Vulnerabilities in Rucio's source code should be reported through GitHub's advisory process (see links in the detailed process below for each project) to improve efficiency and visibility of handling advisories. Reports can be made for any of the supported versions as listed in our release policy, but there should be exactly one report per vulnerability, which can affect multiple versions. Therefore, if multiple vulnerabilities were found please split your findings into multiple reports (see also CNA Operational Rules). Each report should contain applicable CWE (Common Weakness Enumeration) IDs for the flaw.

If reporting via GitHub is not an option or if it is unclear whether an issue is a vulnerability, please mail the security team at rucio-security@cern.ch. A vulnerability is always exploitable, which means a valid proof-of-concept (PoC) should be included in the report. Due to the complexity of software in general, we understand that this might be difficult. If you need help, please do not hesitate to contact us via the email above.
Until a security issue is formally announced, no information about it should be made public until the end of the reporting process as detailed below.
At this time, unfortunately, we do not offer a bug bounty program.

Please always disclose whether LLMs/AI is involved in the creation or finding of a vulnerability. Due to past reports and experiences from other Open Source projects, we want to be aware of possibly false or missing information in reports and respond as quick as possible.

Please note that, for the reason of transparency, all reports may be published, regardless of whether they are correct or not. This is in line with curl's security policy and reasoning.

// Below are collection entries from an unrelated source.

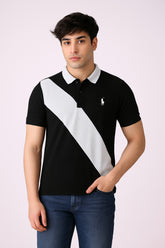 POLOO CROSS PANEL Men’s Branded Cotton PQ Shirt in Black-White
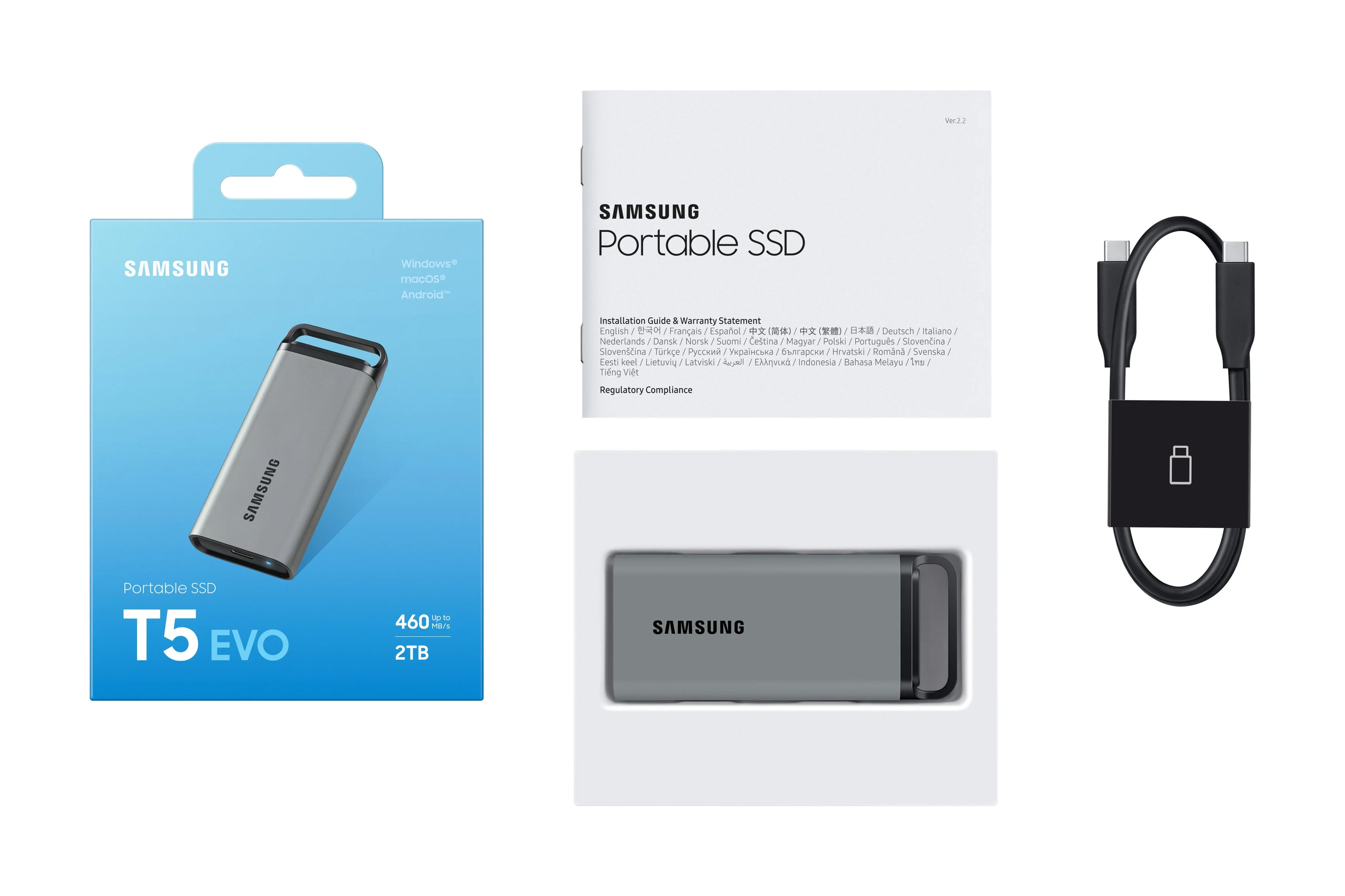 SAMSUNG T5 EVO Portable SSD 2TB Gray, Up-to 460MB/s, USB 3.2 Gen 1, External - MU-PM2T0G/WW
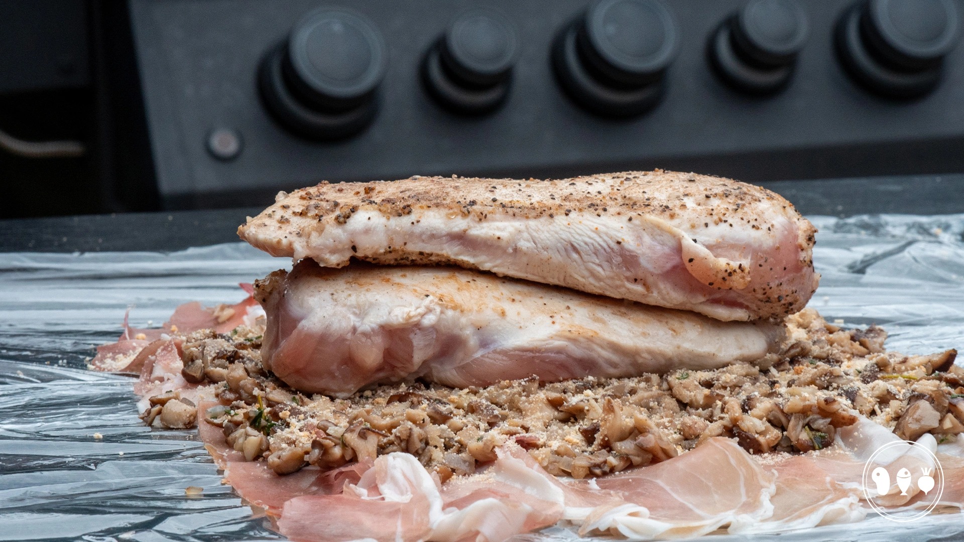 Verdeel de afgekoelde duxelles met een handje paneer over de prosciutto en leg daarop de twee kipfilets. Spiegel de filets zodat ze mooi op elkaar passen.
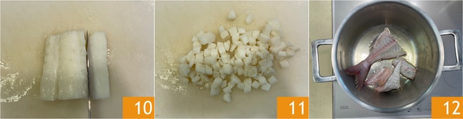 Corte o bacalhau na mesma dimensão 10 11. Coloque as espinhas e os resíduos do pargo em uma panela 12.
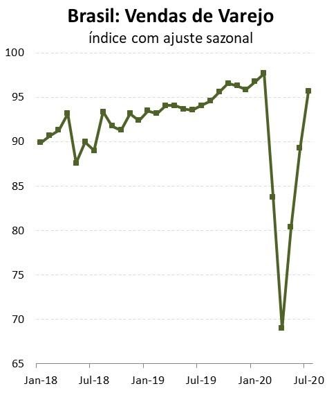 No Brasil, a recuperação da atividade econômica também tem surpreendido positivamente os mais ‘conservadores’. As vendas de varejo já voltaram grande parte da queda ocorrida entre março e abril, como mostra a Figura 2. O retorno do consumo tem incentivado a produção e, consequentemente, a utilização de capacidade instalada da indústria manufatureira já atingiu o mesmo patamar do início do ano.
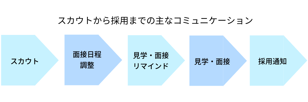 スカウトから面接、採用までのこまめなコミュニケーションが、採用の成否を分ける一つのポイントとなっています。 先を見越した「メッセージのやり取り」を、本資料では時系列で解説します。

Vulnerability Reporting Process

  1. Depending on the source code that contains the vulnerability, please open a vulnerability report in one of the following repositories:
  2. We will acknowledge the reception of your report. Please note that it can take several days to explore the findings in a report, depending on the availability of experts and the amount of workload. Please help us by providing detailed information, and a proof-of-concept (PoC) with the necessary steps to reproduce the vulnerability.
  3. We may get back to you with questions, if we cannot reproduce the PoC, or the vulnerability cannot be discovered on our side. You are free to respond whenever you have time, but please note that after several weeks without answer we might close the report and publish it at our disclosure. However, it can be reopened to follow-up on it at any later date.
  4. If we can reproduce the vulnerability, we will accept the report and put it in a draft state to refine it and fix the underlying issue. Please be patient until we are ready to publish releases that will fix the vulnerability. This time also includes the discussion with experts, possible hotfixes that are applied to production instances and testing the fixes.
    It can therefore take multiple weeks before a report can be published. We will also request a CVE for the reported vulnerability through GitHub, if applicable.
  5. The report will be published after fixes are released for all vulnerable supported Rucio releases as listed in the release policy.

Responding to Vulnerability Reports

This paragraph is directed at all people involved in fixing the vulnerability. Foremost it is important to keep calm and communicate privately. It is imperative to handle all information about a (possible) vulnerability confidentially and to discuss any actions with the project lead and security component lead. Fixes should be developed and reviewed in private git repositories on GitHub and not according to the regular contribution guide. Accidental disclosure of information must be discussed with the project lead for investigating further actions (possibly releasing hotfixes, disabling functionality, …).
We must take our time to properly analyse the situation and handle it with care.